その分人を殴った時の骨の感触や、泣き縋ってくる奴らの俺を見てくる目に凄く興奮した。
そんな日々を送っていたある日
繁華街を歩いていたら突然路地に連れ込まれた
「探したよ〜尚哉くん」
全く知らない男だった。
けど、最近は恨みを買うこともよくあったため珍しいことではなかった
「・・・・・・覚えてないわ」
こいつ弱そうだし。悪いけど本当に覚えてないなぁ・・・
「はぁ?忘れただと??
俺らにあんなことしておきながらふざけてんじゃねぇぞ!!お前のせいで俺は指2本ダメになってんだ!!!」
俺の反応を見て本当に覚えていないと思ったのか、男が逆上して殴りかかってきた
正直、男の動きが遅過ぎて余裕でかわせた
ただ俺は完全に油断していた。
弱い相手だということ。そして相手が1人だと思い込んでいたこと。
突然後頭部に物凄い打撃がきて気づいたら地面に転がっていた。
後ろからもう1人きていたらしい。
振り返ると金属バッドを持った男が立っていた。
バッドがまた振り上げられてこちらに目がけて振り下ろされる・・・スローモーションのように感じた。
(あぁ死ぬかも)
そんなことを他人事のように思ってこれから来る衝撃に備えて思いっきり目をつぶった。
「はい。ストップ!」
思っていた衝撃が来なかったため、不思議に思って目を開けた
そこには凄くデカくて黒い男が立っていてバッドを片手で止めているのが目に入った
助けられた?
「大丈夫??尚哉くん、だっけ?喧嘩強いんだね!
凄い凄い!
だけどもう少し周囲を警戒した方がいいかもね。」
「誰だ、お前」
「こいつらのチームの一応リーダーみたいなやつかな?」
「・・・は???」
「こいつらのことは悪かった。しっかり叱っておくから。
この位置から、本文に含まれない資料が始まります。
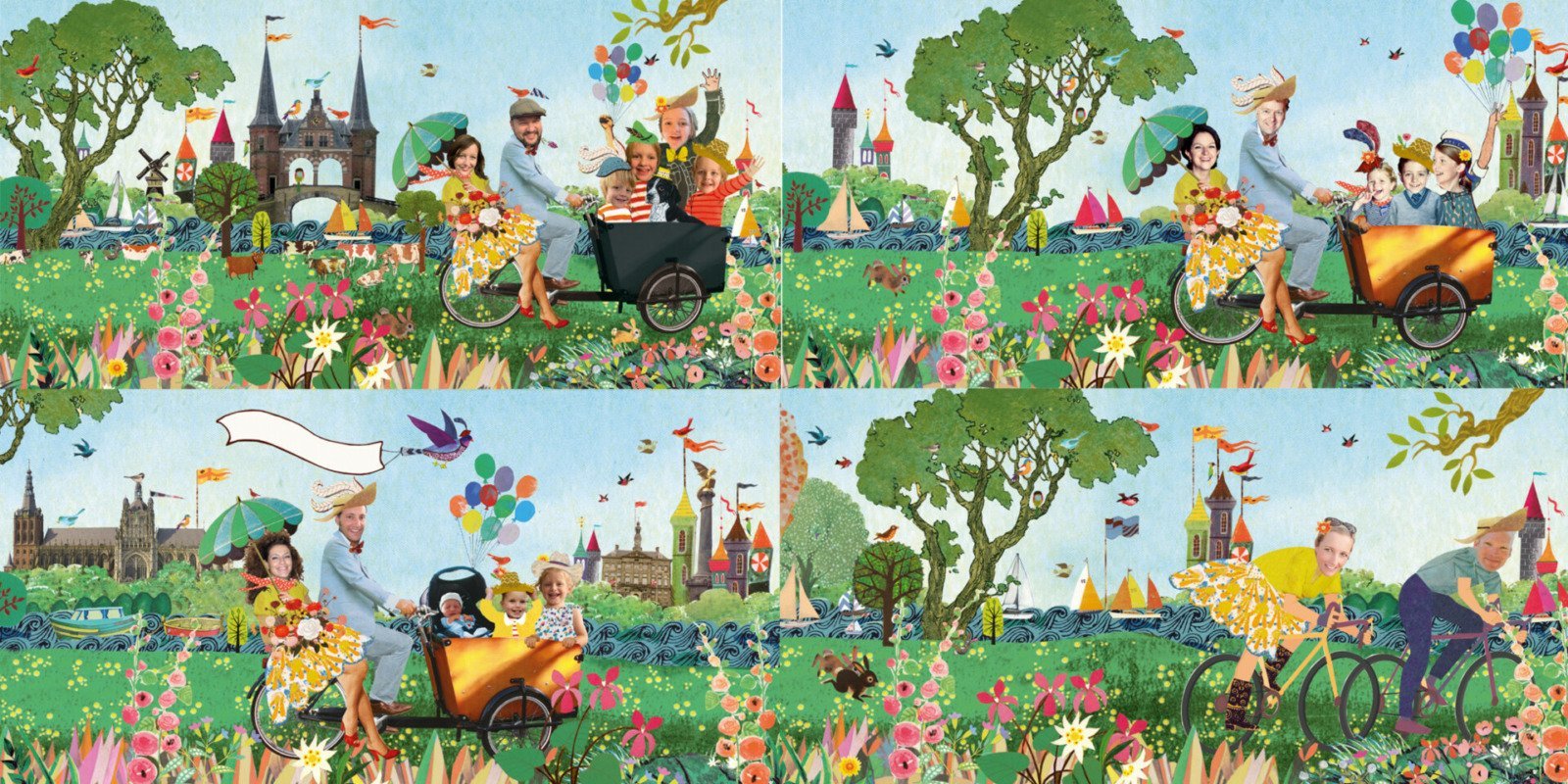 Dan is deze kleurrijke trouwkaart met jullie eigen gezin op een bakfiets in een kleurrijk bloemen landschap iets voor jullie!
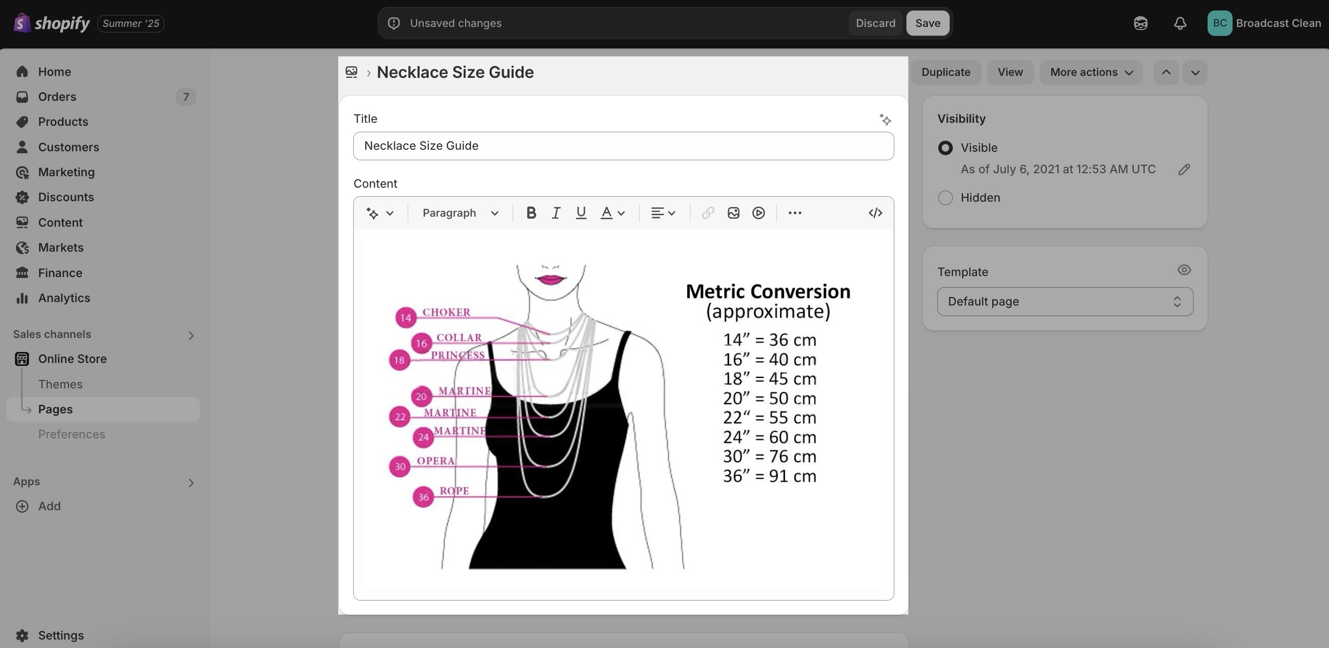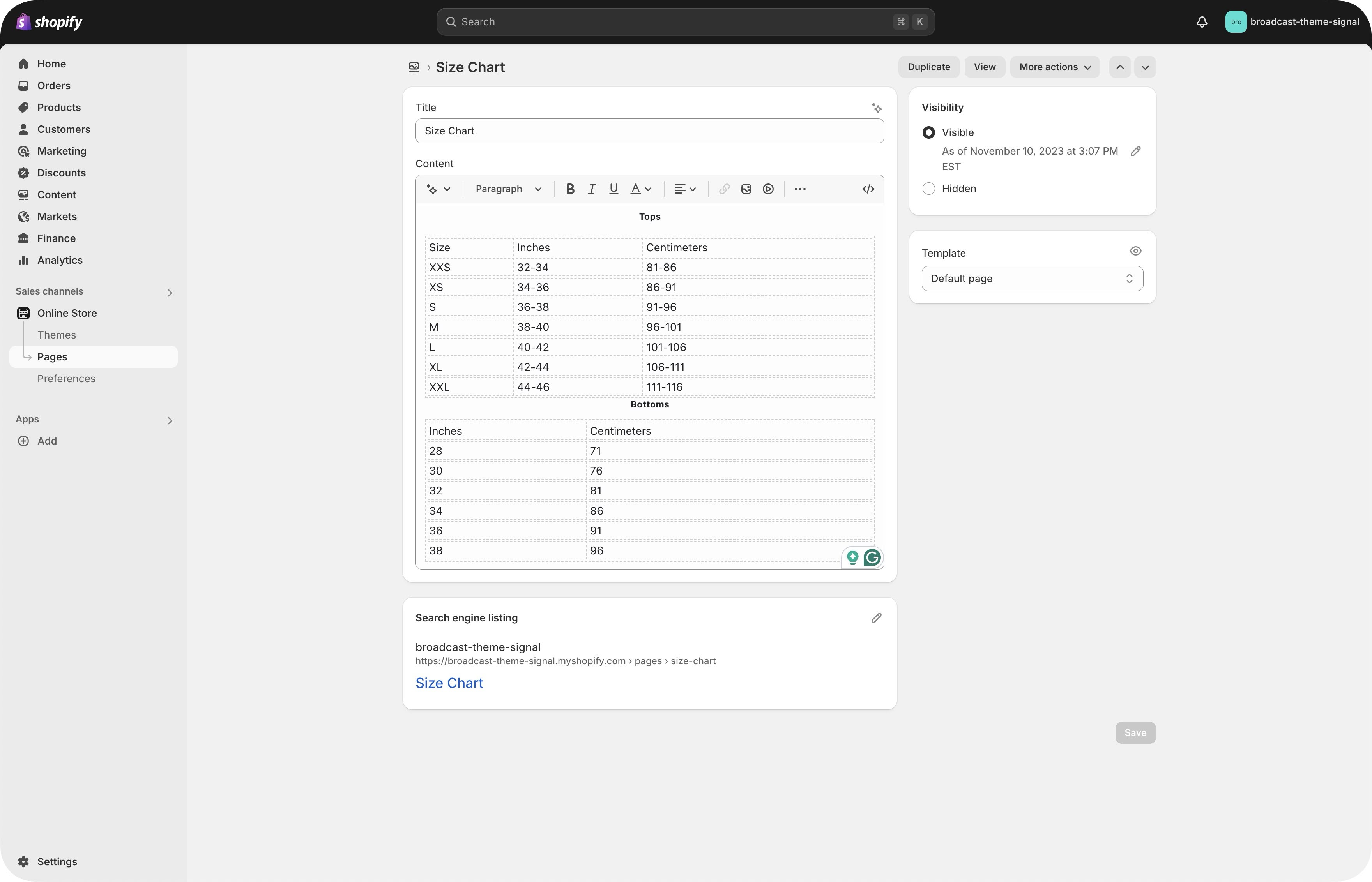 To start, you'll need to create your size chart pages. Broadcast will utilize Shopify's built-in Pages feature to display the size charts. If you already have an image of your size charts, you can simply upload it to a Shopify page.&#x20;

でも、とりあえず君のその頭、手当した方がいいんじゃないかな?」
バットで打たれた頭から結構出血してるらしい
意識し始めると急に頭がくらくらしてきた
一刻も早くこの場から離れよう・・・
そう思って立ち上がったところで急に目の前が真っ暗になった
「あらら、言わんこっちゃない。」
それがデカくて黒い男、タマキとの出会いだった
目が冷めたらタマキの所属するチームが拠点としている倉庫で手当てをされていて、何かとタマキが気にかけてくれた。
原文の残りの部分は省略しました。